Friday, 8th January 2021
Rating: 8/10

Combining influences from symphonic metal to gothic hard rock, California band Lipshok arrive at their fourth full-length Shadows of a Dark Heart confident and established in where they want to go stylistically. Transporting the listeners into an alternative universe through stories of Alice in Wonderland, Icarus, vampires, and other fables, the songwriting and abilities of the musicians create a sound that can be eclectic and heavy, tender yet morose, always thoughtful and adhering to a strong sense of catchy hooks and vibrant melodies.

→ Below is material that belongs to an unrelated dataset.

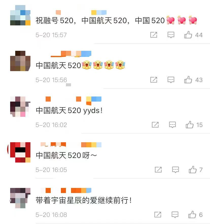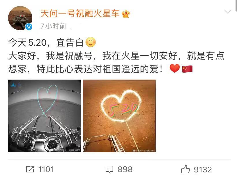 “今天是‘520’,我们期待着祝融号火星车带着对宇宙星辰的爱,继续奔赴前行,发回更多火星的探测成果,带给我们更多好消息。”

The spotlight can be subtle and refreshing – the bass and emotive guitar work from Phil Jameson and Massimiliano Maggari respectively on the commercial-leaning “Don’t Fear Defeat” captivating, slithering in, out and around the sultry, seductive vocal abilities from keyboardist Scarlett Dark. The follow up “Looking Glass” displays some Dream Theater/Rush-like tom fills against a crescendo of cascading gothic keyboard/guitar parts – Scarlett again enveloping the aural canvas with a mixture of lower to mid-range vocal passages that weave a dynamic tapestry. When Lipshok choose to be softer and reflective, some of their older AOR-70’s rock aspects come to the forefront, “Without a Flame” carrying all the right Styx/Kansas charm in its symphonic bombast against bluesy lead work in a power ballad arrangement. Scarlett as the primary songwriter, keyboardist and vocalist is a triple-threat that captures attention through her diverse knowledge of rock, gothic and metal – self-assured to go in any direction, from the graceful “Alive Once More” to a mid-tempo epic march-oriented “Revenge” that takes an older Heart meets symphonic approach. You could imagine a lot of the wordplay and twists giving Lipshok plenty of visual/lighting situations to heighten tension and anticipation during live gigs to enhance what you hear from these eight tracks.

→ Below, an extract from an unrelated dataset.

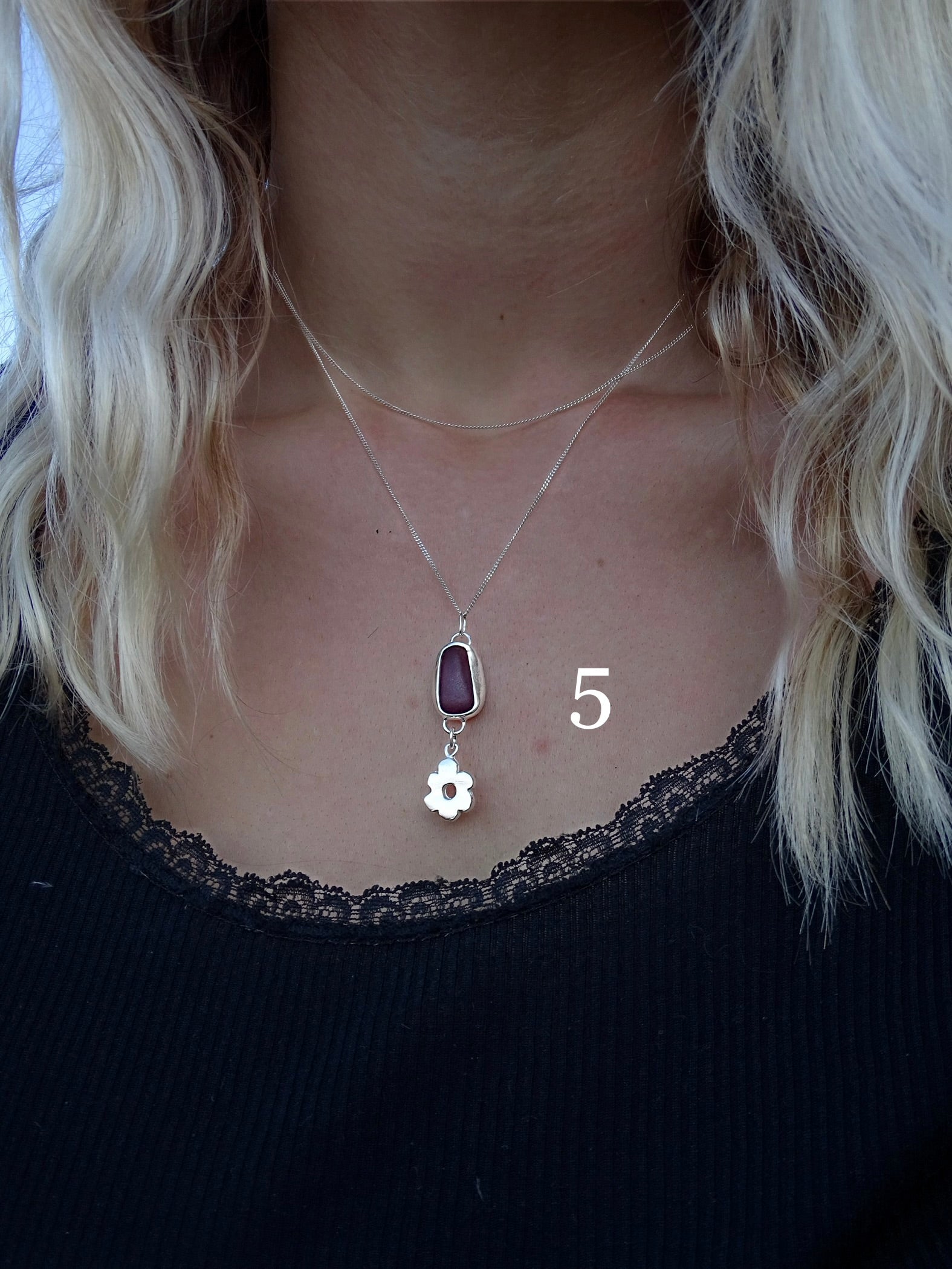 5 • purple seaglass in a backless setting, with a solid silver flower. paired with a 16” chain.

US symphonic metal and hard rock has a different flavor than a lot of the well-established European counterparts – and Lipshok isn’t going for the feel of Nightwish or Within Temptation here. They have a bit of that finesse and US gothic/70’s AOR-sheen that differentiates them from too much cinematic splendor. In turn, they could establish a solid following for those who want sensible melodies and hooks as well as killer musicianship flair from time to time.